Israel independence day | When El Al flew to Tehran and other historical tidbits

1. Iran was an ally

Iran and Israel enjoyed mostly good relations until the Islamic revolution that overthrew the shah in 1979. Iran recognized Israel in 1950, becoming the second Muslim-majority country to do so (after Turkey). Iran supplied Israel with oil during the OPEC oil embargo, Israel sold Iran weapons, and El Al flew regular flights between Tel Aviv and Tehran. All that ended a week after the shah’s ouster, when Iran’s new rulers cut ties with Israel and transferred its embassy in Tehran to the Palestine Liberation Organization.

2. Home to Nazi heirs

At least 400 descendants of Nazis have converted to Judaism and moved to Israel, according to filmmakers who made a documentary about the phenomenon several years ago.

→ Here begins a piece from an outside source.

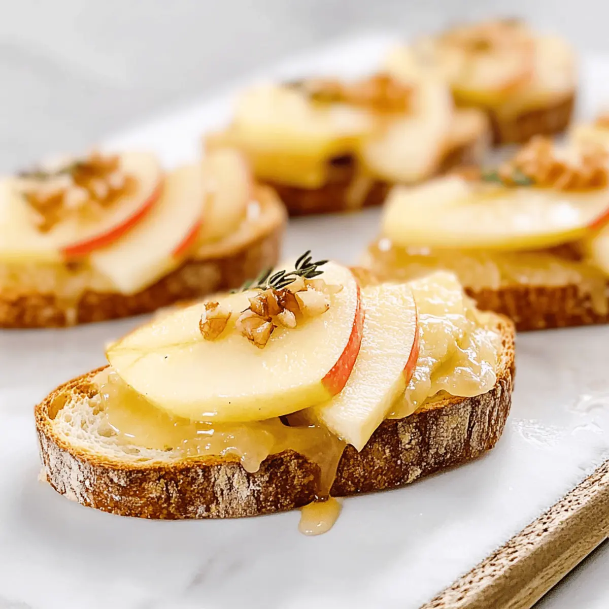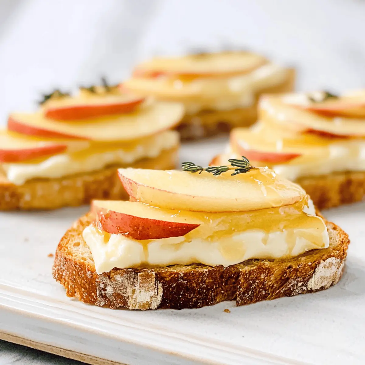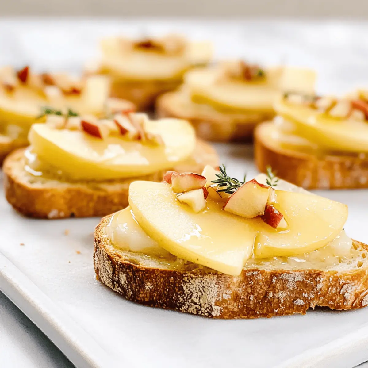As I stood in the kitchen, the aroma of melting brie mingling with the crispness of freshly sliced apples transported me to a cozy bistro on a quiet street in Paris. That’s when I knew I had to share this elegant Apple Brie Crostini recipe with you. Perfect for any gathering, this simple yet sophisticated appetizer combines creamy brie, sweet apples, and a hint of honey drizzled over crunchy baguette slices. Not only is it quick to prepare, but it’s also a surefire crowd-pleaser that showcases seasonal flavors beautifully. Whether you’re planning a festive brunch or an intimate dinner, these crostinis add a touch of gourmet flair that will impress your guests. Ready to wow your friends with this delightful bite-sized creation? Let’s dive into the details! Why Is This Crostini So Special? Simplicity, Perfectly elegant yet straightforward to prepare, these crostinis are a breeze for any home cook. Flavorful, The delightful pairing of creamy brie with sweet apples and honey creates a taste sensation that will make your taste buds dance. Versatile, You can easily tweak this recipe with different fruits like pears or figs, or even swap the brie for tangy goat cheese. Impressive Presentation, Plated beautifully, they serve as an impressive appetizer at any gathering, from chic dinner parties to casual brunches. Looking for more variations? Check out my Apple Crumble Cheesecake for a delicious sweet twist! Crowd-Pleasing, Trust me, these little bites will disappear in no time, leaving your guests raving about your culinary skills! Apple Brie Crostini Ingredients • Prepare to create a delightful appetizer that’s sure to impress! For the Crostini Base Baguette – Sliced into ½ inch pieces, this forms the crunchy foundation for our crostini. Tip: Ciabatta can serve as a wonderful alternative if you desire a slightly different texture. For the Topping Brie Cheese – This soft, creamy cheese melts beautifully, adding rich flavor. Substitution: Camembert is a lovely alternative with a similar creamy texture. Apple – Thinly sliced to provide a crisp, sweet contrast that balances the richness of the brie. Note: Pear can be used, offering comparable sweetness and a lovely texture. Honey – A drizzle of this golden nectar brings sweetness that binds the flavors together. Tip: For an exciting twist, you can substitute maple syrup for a unique taste. Fresh Thyme – Chopped and sprinkled on top, it adds an aromatic touch that elevates the dish. Alternative: Fresh rosemary can be used for a similar herbal note with a slightly different profile. Step‑by‑Step Instructions for Apple Brie Crostini Step 1: Preheat the Oven Begin by preheating your oven to 375°F (190°C). This temperature will ensure that your Apple Brie Crostini gets perfectly toasted and the cheese melts beautifully. While the oven heats up, gather your ingredients and baking sheet to streamline your cooking process. Step 2: Toast the Baguette Arrange the sliced baguette pieces on a baking sheet in a single layer, ensuring there’s space between them. Toast these in the preheated oven for about 5 minutes until they are lightly browned and crisp. The delightful aroma of warm bread will start to fill your kitchen, signaling it’s time for the next step. Step 3: Prepare the Toppings Once the baguette slices are toasted, remove them from the oven and let them cool slightly. Place a slice of creamy brie cheese atop each piece of toasted baguette, followed by a thin slice of crisp apple. The combination of warm, crunchy bread and melty cheese will create a delicious base for your Apple Brie Crostini. Step 4: Drizzle with Honey and Thyme Next, take your honey and gently drizzle it over the topped crostini. This will add just the right amount of sweetness to complement the richness of the brie and the crispness of the apple. Finish off by sprinkling fresh thyme over the crostinis, infusing them with an aromatic touch that elevates the dish. Step 5: Bake Until Melty Return the assembled Apple Brie Crostini to the oven and bake for an additional 5 minutes. Keep an eye on them as they bake; you want the brie to melt beautifully and become gooey. The crostinis should emerge golden and mouthwatering, just begging to be enjoyed. Step 6: Serve Warm Once the cheese is melty and the edges of the bread are golden, remove your Apple Brie Crostini from the oven. Allow them to cool for a moment before transferring them to a serving platter. Serve these delightful bites warm, letting your guests revel in the delectable combination of flavors and textures. How to Store and Freeze Apple Brie Crostini Room Temperature: These crostinis are best enjoyed warm, but if left out, they’ll stay fresh for about 1 hour. After that, the texture may change as the bread softens. Fridge: Store any leftovers in an airtight container in the fridge for up to 3 days. When ready to enjoy, reheat to restore that delightful texture. Freezer: If you want to prepare them ahead, freeze the assembled but unbaked crostinis. Wrap them tightly in plastic wrap and foil for up to 1 month. Bake from frozen, adding a few extra minutes to the cooking time. Reheating: When reheating, use the oven or an air fryer for optimal results. This will ensure the cheese gets melty while the bread stays crisp, keeping the essence of the Apple Brie Crostini alive! Expert Tips for Apple Brie Crostini Serrated Knife: Use a serrated knife to slice your baguette. This will ensure clean cuts, keeping your crostini from becoming uneven or squished. Room Temperature Brie: Allow your brie cheese to come to room temperature before assembling the crostini. This ensures a perfectly melty consistency that complements the crunch of the baguette. Toasting Tips: Watch your baguette closely while toasting; a few minutes can turn from lightly golden to overly crisp. We want that perfect crunch without losing taste! Reheating Method: For the best texture when reheating leftovers, use an oven or air fryer.

In addition, others converted to Judaism or married Israelis but do not live in the Jewish state — such as Heinrich Himmler’s great-niece, who married an Israeli Jew and lives overseas.

3. ‘Ben-Gurion’s rice’ 

Israeli couscous was invented in the 1950s at the behest of Israel’s first prime minister, David Ben-Gurion, who asked the Osem food company to come up with a wheat-based substitute for rice during a period of austerity in Israel. The invention, which Israelis dubbed “Ben-Gurion’s rice,” was an instant hit.

4. No TV till the ‘60s

The first Israeli TV transmission took place in 1966, and at first was intended only for schools for educational use. Regular public broadcasts began on Israel Indepen-dence Day in May 1968. For almost two decades more, Israel had only one channel, and broadcasts were limited to specific hours of the day. A second channel debuted in 1986, and cable was introduced in 1990.

5. A princess in Jerusalem

Prince Philip’s mother, born in 1885 as Princess Alice of Battenberg, spent much of her life in Greece after marrying Prince Andrew of Greece and Denmark. During the Nazi occupation of Greece, Alice hid a Jewish woman and two of her children from the Nazis, earning her eventual recognition by Israel’s Yad Vashem Holocaust Memorial as Righteous Among Nations and by the British government as a “Hero of the Holocaust.” She moved to London in 1967 to live in Buckingham Palace with her son and daughter-in-law, Queen Elizabeth II. She died in 1969. In 1988, her body was transferred to a crypt at the Convent of Saint Mary Magdalene in Gethsemane on Jerusalem’s Mount of Olives, honoring a wish she had expressed before her death.

6. Alaska Airlines’ airlift

When anti-Jewish riots broke out in Yemen after Israel’s victory in the 1948 War of Independence, Yemen’s Jewish community decided to move en masse to the Jewish homeland. James Wooten, president of Alaska Airlines, was among those moved by their plight. Between June 1949 and September 1950, Alaska Airlines made approximately 430 flights as part of Operation Magic Carpet, the secret mission that transported nearly 50,000 Jews from Yemen to Israel.

7. Early role model

Golda Meir was the world’s third female prime minster. Elected Israeli prime minister in 1969 at the age of 70, she was preceded only by Sirimavo Bandaranaike of Sri Lanka (1960-65) and Indira Ghandi of India (1966-77). Born in Kiev and raised in Milwaukee, Wisconsin, Meir moved to a kibbutz in her early 20s and quickly became active in Labor politics.

8. An early solar leader

Israeli law began requiring solar water heaters in all new homes in 1980. The law was passed following the energy crisis of the late ‘70s and made Israel the world’s leader in the use of solar energy per capita. Today, an estimated 85 percent of Israeli households use solar systems for hot water, amounting to some 3 percent of the nation’s energy consumption. However, Israel lags behind other countries in implementing other solar energy solutions, and a growing number of new buildings utilize legal loopholes that provide exemptions to the solar heater law.

9. Mount Scopus status

Though situated in eastern Jerusalem, Mount Scopus, where Hebrew University and Hadassah Hospital have campuses, has been in Israeli hands since the state’s founding. After the 1948 War of Indepen-dence, the hilltop was controlled by Jews but surrounded by Jordan-controlled eastern Jerusalem. Israel maintained its Mount Scopus exclave by ferrying in troops and supplies every two weeks under United Nations guard. Mount Scopus was reunited with the rest of Jewish Jerusalem in the 1967 Six-Day War.

10. Einstein as president?

Albert Einstein was offered the presidency by David Ben-Gurion in November 1952 in the days after the death of Israel’s first president, Chaim Weizmann. Einstein turned down the invitation, citing his advanced age and ineptitude at dealing with people.